Department of Structural Biology , Weizmann Institute of Science , Rehovot 76100 , Israel.
J Phys Chem B. 2018 Dec 13;122(49):11450-11459. doi: 10.1021/acs.jpcb.8b07379. Epub 2018 Sep 25.
Predicting the effect of a single point mutation on protein thermodynamic stability (ΔΔ G) is an ongoing challenge with high relevance for both fundamental and applicable aspects of protein science. Drawbacks that limit the predictive power of stability prediction tools include the lack of representations for the explicit energetic terms of the unfolded state. Using coarse-grained simulations and analytical modeling analysis, we found that a mutation that involves the breaking of long-range contacts may lead to an increase in the unfolded state entropy, which can lead to an overall destabilization of the protein.
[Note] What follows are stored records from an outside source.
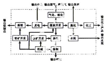 5、综合题 读山西省煤炭的综合利用图,如下图,回答下列问题(10分)。
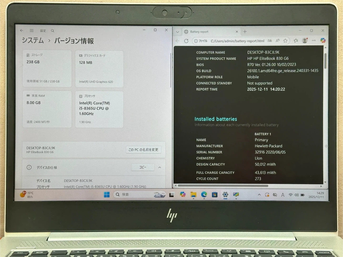 HP EliteBook 830 G6 ノートパソコンです。 【情報】 ブランド:HP(エイチピー) モデル:EliteBook 830 G6 CPU:Core i5 8365U RAM:8GB SSD:256GB OS: Windows 11 画面サイズ:13型 (1920x1080) 【状態】 ランク:B 使用感あり 画面に小さな傷あり 【付属品】 なし 中古品であることをご了承ください。
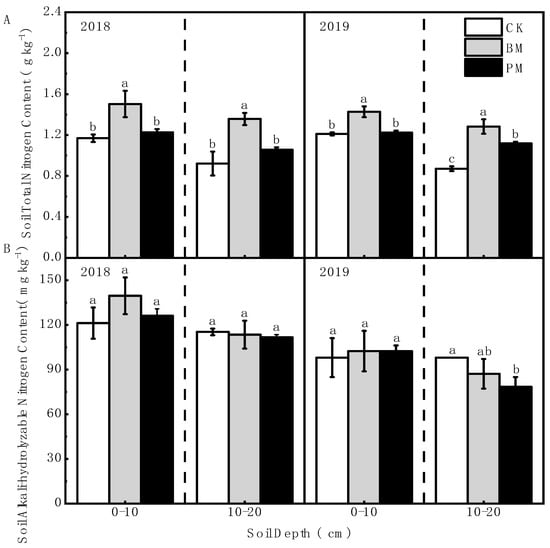 Effect of different mulch treatments (CK, no-mulch; BM, biodegradable film mulch; and PM, polyethylene film mulch) on the soil’s total nitrogen content (A) and the soil’s alkali-hydrolyzable nitrogen content (B). Within each soil layer each year, the different letters above the columns indicate significant differences between treatments as tested by LSD (p < 0.05).
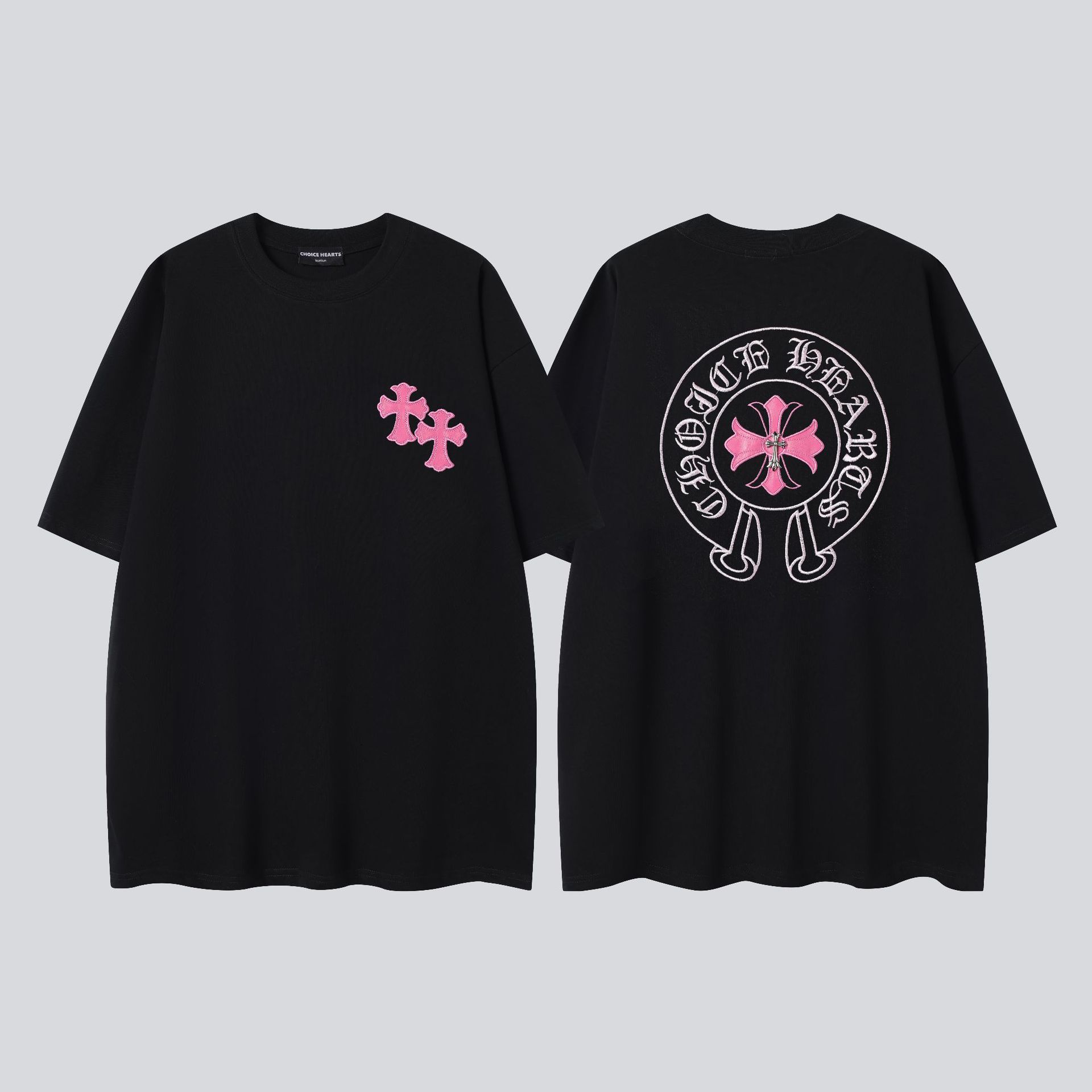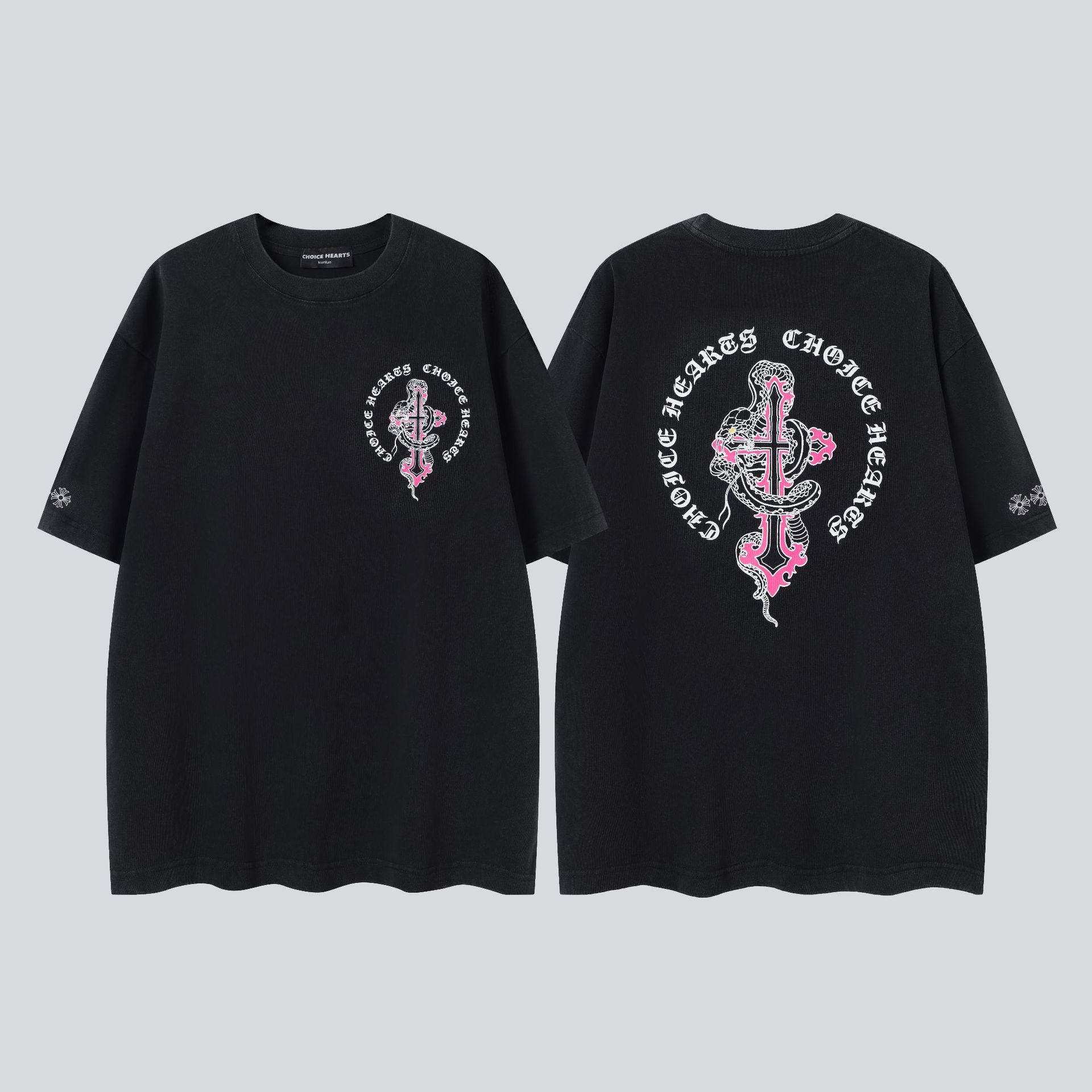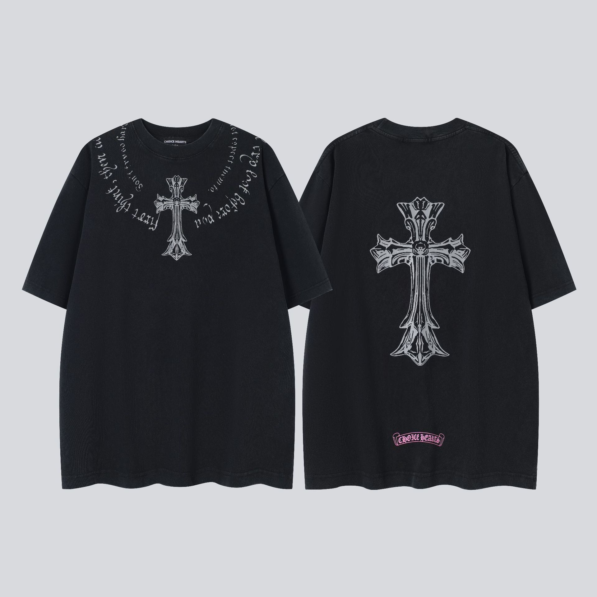 크롬 하트 25s 여름 신작 크롬 하비 워싱 및 디스트레스드 캐주얼 남성용 및 여성용 반팔 티셔츠

A bioinformatics analysis indicates that the effect of mutation on the unfolded state is greater for hydrophobic or charged (compared with polar) residues that participate in long-range contacts through a loop length longer than 18 amino acids and whose formation probabilities are relatively high.
预测单点突变对蛋白质热力学稳定性(ΔΔG)的影响是一个具有重要意义的挑战,既涉及蛋白质科学的基础研究,也涉及应用研究。限制稳定性预测工具预测能力的缺点包括缺乏对展开状态的明确能量项的表示。通过粗粒化模拟和分析建模分析,我们发现涉及长程接触破坏的突变可能导致展开状态熵的增加,从而导致蛋白质的整体不稳定。生物信息学分析表明,对于通过长度超过 18 个氨基酸的环参与长程接触的疏水性或带电(与极性相比)残基,以及其形成概率相对较高的残基,突变对展开状态的影响更大。